─── RECORDS TO PROCESS ───
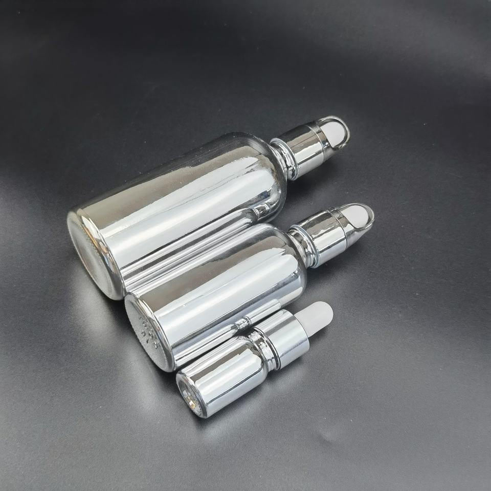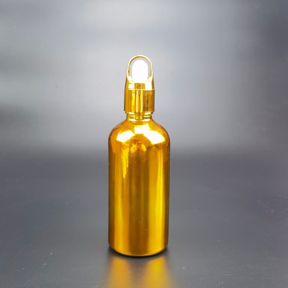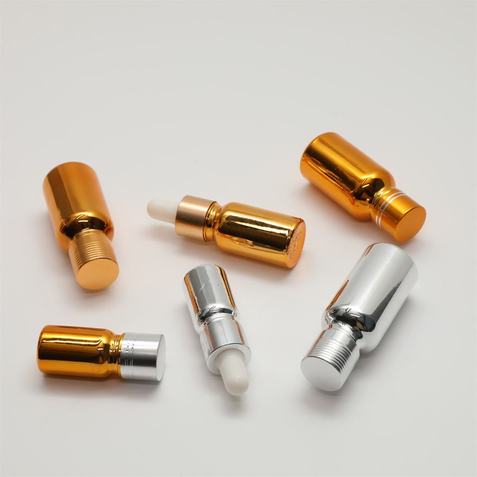 In Stock Hair Oil Dropper 15ml 30ml 50ml Electroplating Gold Silver Glass Essential Oil Bottles with Gold Dropper Lid
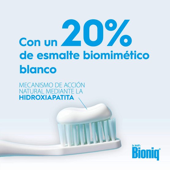 | Hydroxyapatite | El principal ingrediente activo presente en todos los productos Bioniq®. Este ingrediente: - Regenera las zonas dañadas del esmalte y la dentina - Control biomimético de la biopelícula: Evita que las bacterias se adhieran a los dientes- Sella los cuellos expuestos de los dientes y reduce la hipersensibilidad de la dentina - Forma una capa protectora sobre los dientes, brindando una protección adicional frente a las caries - Protección clínicamente probada frente a la placa y las caries |
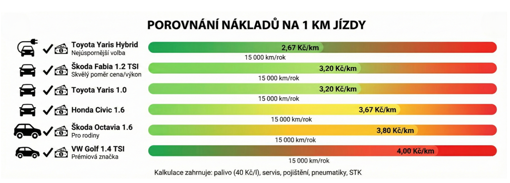 Toyota Yaris Hybrid je nejúspornější volbou s náklady 2,67 Kč/km (40 000 Kč ročně při 15 000 km). Škoda Fabia 1.2 TSI nabízí nejlepší poměr cena/výkon s náklady 3,20 Kč/km (48 000 Kč ročně) a širokou síť servisů po celém Česku.
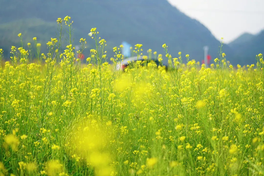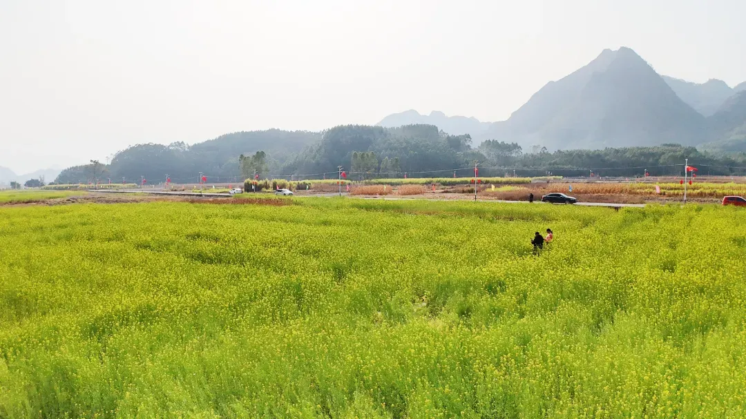 不用远赴云南罗平,也不用扎堆江西婺源,在南宁周边就藏着一片震撼人心的油菜花海!最近,在南宁上林县的香马庄,发现这片足足500多亩的金色秘境!南宁出发1小时直达,仿佛闯入了大自然打翻的调色盘,随手一拍都是刷爆朋友圈的春日大片!500 多亩油菜花田顺着地势连绵起伏,没有刻意规划的边界,却自然形成了一片无边无际的金色海洋。阳光洒在花瓣上,波光粼粼,闪烁着迷人的光芒,把整个村庄都装扮得如梦如幻。不同于城市公园的精致盆栽,这里的油菜花是肆意生长的、是充满野趣的。一株株挺拔向上,密密麻麻地铺满了田间地头,那种铺天盖地的壮观,只有亲身抵达才能真切感受。走进花海深处,更是让人沉醉不已,每一朵油菜花都像是大自然精心雕琢的艺术品。游客们三三两两散布在花田里,有的举着相机定格美景,有的牵着孩子追逐蝴蝶。
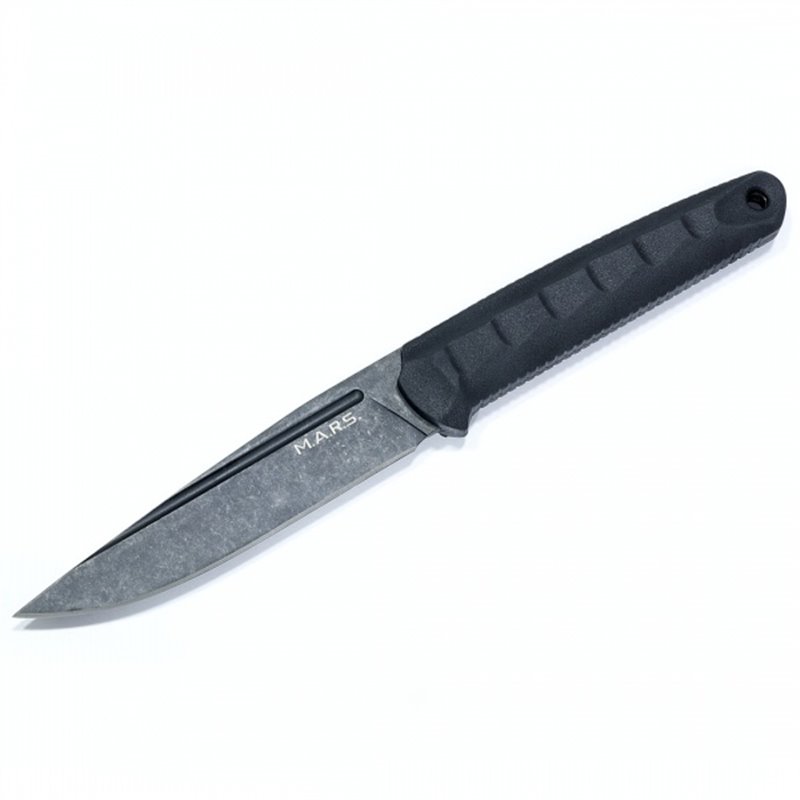 Новинка нашего производства "МАРС", была поставлена задача изготовления универсального, удобного повседневного ножа. Нож сочетает в себе удобную и цепкую рельефную рукоять. Цельнометаллическая конструкция обеспечит общую уверенность в ноже. Заточка со спусками от обуха придаст отличные режущие качества. Ножны с универсальным настраиваемым подвесом тек-лок дают возможность крепления ножа на любой ремень или лямку от рюкзака, в любом положении, а фиксация клинка не даст возможности случайному выпадению.
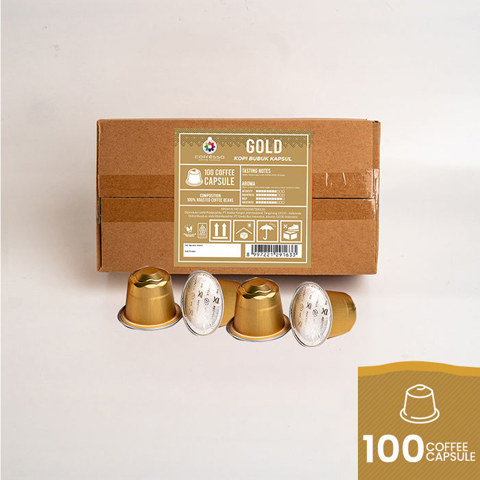 Elevate your coffee moments with Coffesso Capsule Gold. This luxurious blend features nutty notes, the sweetness of brown sugar, and brilliant hints of cacao, creating a rich and indulgent experience in every sip.
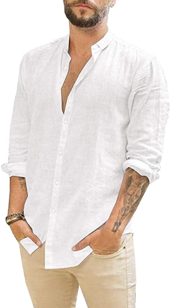 APRAW Mens Linen Button Down Shirts Long Sleeves Summer Beach Casual Regular Fit Shirt Tops
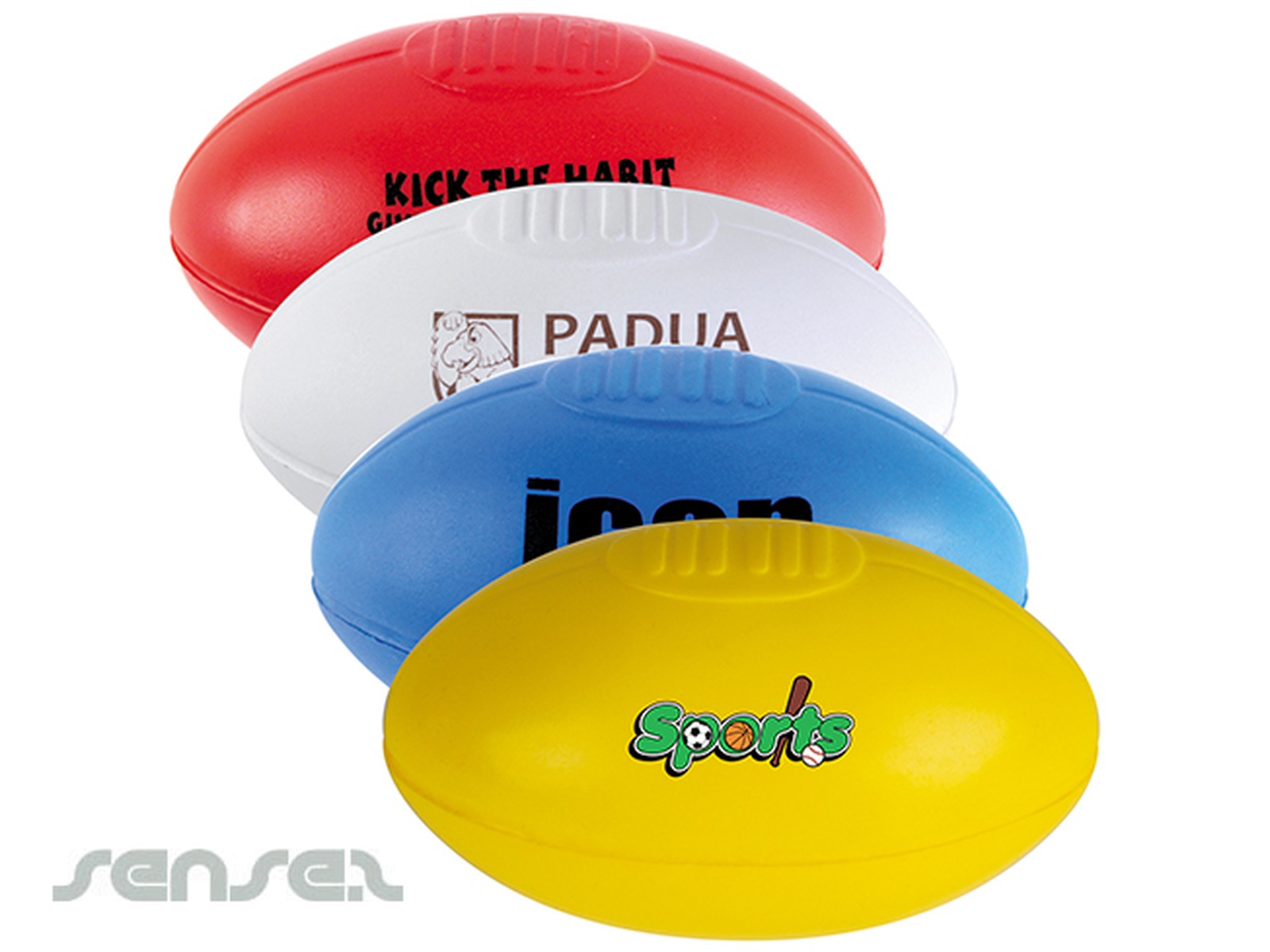 Custom brand these promotional stress footballs or one of our best-selling promotional sports gear»sport themed items with your company logo!
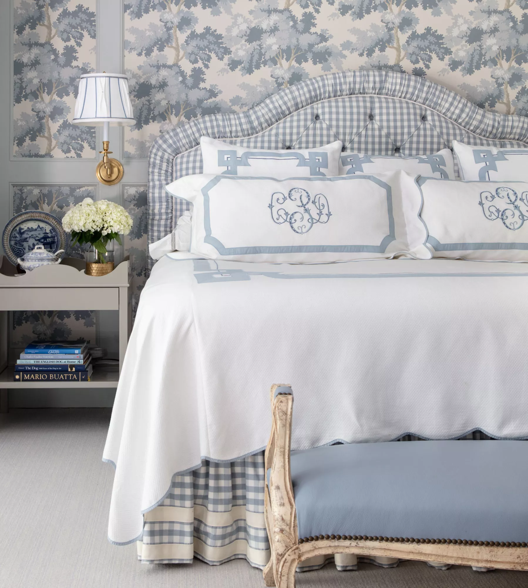 In this beautiful master bedroom, designer Nicole Zarr masterfully combines the Addison monogram with two different borders - Arch and Gwen - for a sublime combination in the perfect shade of blue to complement the décor.
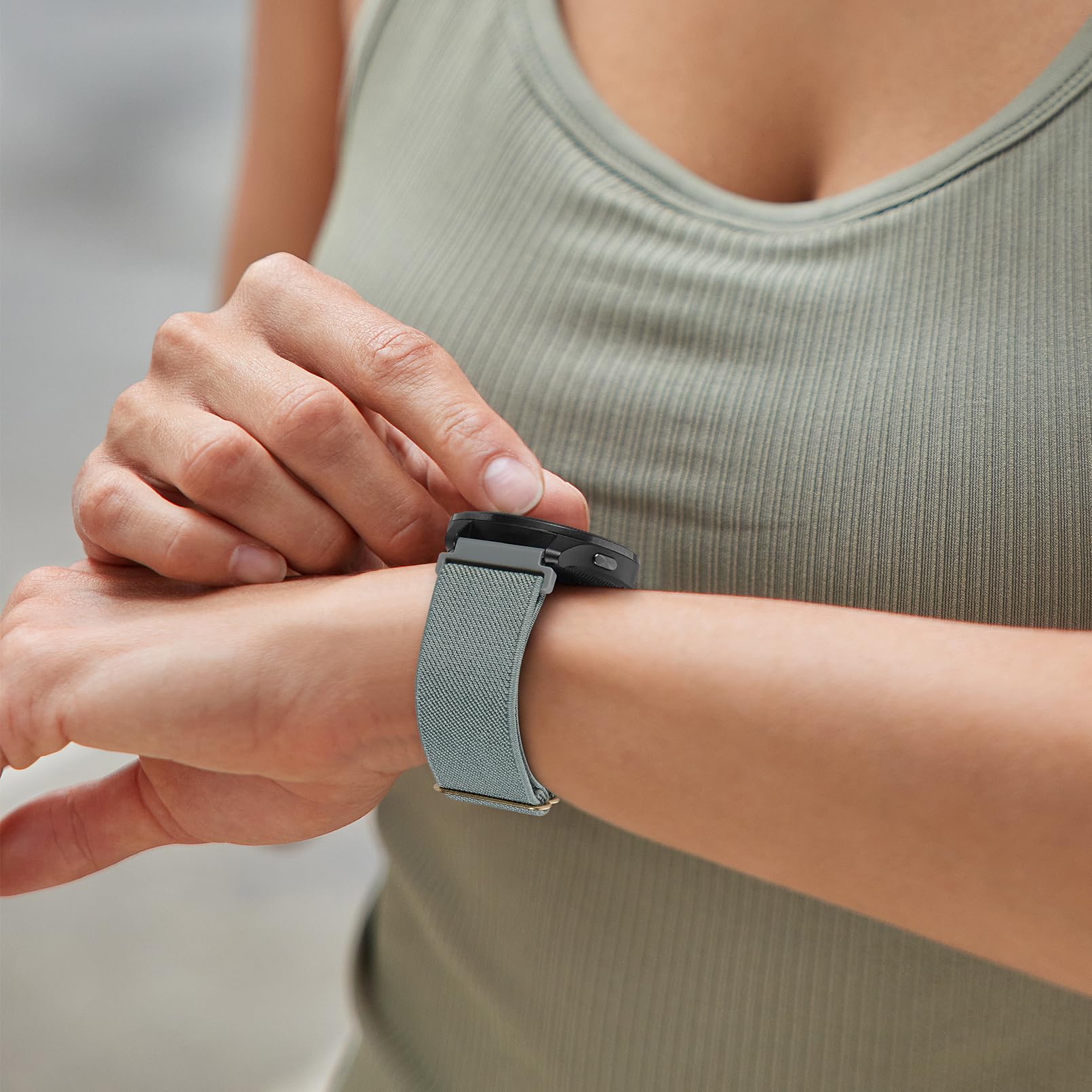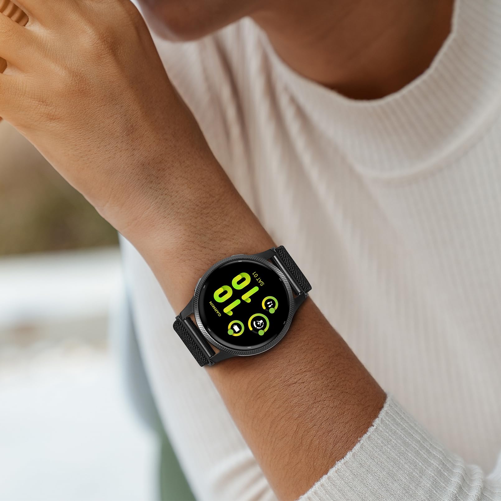 【Compatible Models】The 20mm stretchy fabric wristbands compatible with Garmin Venu sq 2/Sq/Venu/Venu 2 Plus,Forerunner 55/165/645/245/570 42mm,Vivoactive 5/6/3 Music,Approach S50/S44/S42/S40/S12,Vivomove HR/Trend/Luxe /Style.NOTE:Please check the model by looking at backside ot your watch before buy it.Also determine the size of the watch band(20mm) to be used by measuring the distance between 2 lugs of the watch face
───
Every line above must appear in the answer unchanged, and no picture may appear in it.

 In Stock Hair Oil Dropper 15ml 30ml 50ml Electroplating Gold Silver Glass Essential Oil Bottles with Gold Dropper Lid
 | Hydroxyapatite | El principal ingrediente activo presente en todos los productos Bioniq®. Este ingrediente: - Regenera las zonas dañadas del esmalte y la dentina - Control biomimético de la biopelícula: Evita que las bacterias se adhieran a los dientes- Sella los cuellos expuestos de los dientes y reduce la hipersensibilidad de la dentina - Forma una capa protectora sobre los dientes, brindando una protección adicional frente a las caries - Protección clínicamente probada frente a la placa y las caries |
 Toyota Yaris Hybrid je nejúspornější volbou s náklady 2,67 Kč/km (40 000 Kč ročně při 15 000 km). Škoda Fabia 1.2 TSI nabízí nejlepší poměr cena/výkon s náklady 3,20 Kč/km (48 000 Kč ročně) a širokou síť servisů po celém Česku.
 不用远赴云南罗平,也不用扎堆江西婺源,在南宁周边就藏着一片震撼人心的油菜花海!最近,在南宁上林县的香马庄,发现这片足足500多亩的金色秘境!南宁出发1小时直达,仿佛闯入了大自然打翻的调色盘,随手一拍都是刷爆朋友圈的春日大片!500 多亩油菜花田顺着地势连绵起伏,没有刻意规划的边界,却自然形成了一片无边无际的金色海洋。阳光洒在花瓣上,波光粼粼,闪烁着迷人的光芒,把整个村庄都装扮得如梦如幻。不同于城市公园的精致盆栽,这里的油菜花是肆意生长的、是充满野趣的。一株株挺拔向上,密密麻麻地铺满了田间地头,那种铺天盖地的壮观,只有亲身抵达才能真切感受。走进花海深处,更是让人沉醉不已,每一朵油菜花都像是大自然精心雕琢的艺术品。游客们三三两两散布在花田里,有的举着相机定格美景,有的牵着孩子追逐蝴蝶。
 Новинка нашего производства "МАРС", была поставлена задача изготовления универсального, удобного повседневного ножа. Нож сочетает в себе удобную и цепкую рельефную рукоять. Цельнометаллическая конструкция обеспечит общую уверенность в ноже. Заточка со спусками от обуха придаст отличные режущие качества. Ножны с универсальным настраиваемым подвесом тек-лок дают возможность крепления ножа на любой ремень или лямку от рюкзака, в любом положении, а фиксация клинка не даст возможности случайному выпадению.
 Elevate your coffee moments with Coffesso Capsule Gold. This luxurious blend features nutty notes, the sweetness of brown sugar, and brilliant hints of cacao, creating a rich and indulgent experience in every sip.
 APRAW Mens Linen Button Down Shirts Long Sleeves Summer Beach Casual Regular Fit Shirt Tops
 Custom brand these promotional stress footballs or one of our best-selling promotional sports gear»sport themed items with your company logo!
 In this beautiful master bedroom, designer Nicole Zarr masterfully combines the Addison monogram with two different borders - Arch and Gwen - for a sublime combination in the perfect shade of blue to complement the décor.
 【Compatible Models】The 20mm stretchy fabric wristbands compatible with Garmin Venu sq 2/Sq/Venu/Venu 2 Plus,Forerunner 55/165/645/245/570 42mm,Vivoactive 5/6/3 Music,Approach S50/S44/S42/S40/S12,Vivomove HR/Trend/Luxe /Style.NOTE:Please check the model by looking at backside ot your watch before buy it.Also determine the size of the watch band(20mm) to be used by measuring the distance between 2 lugs of the watch face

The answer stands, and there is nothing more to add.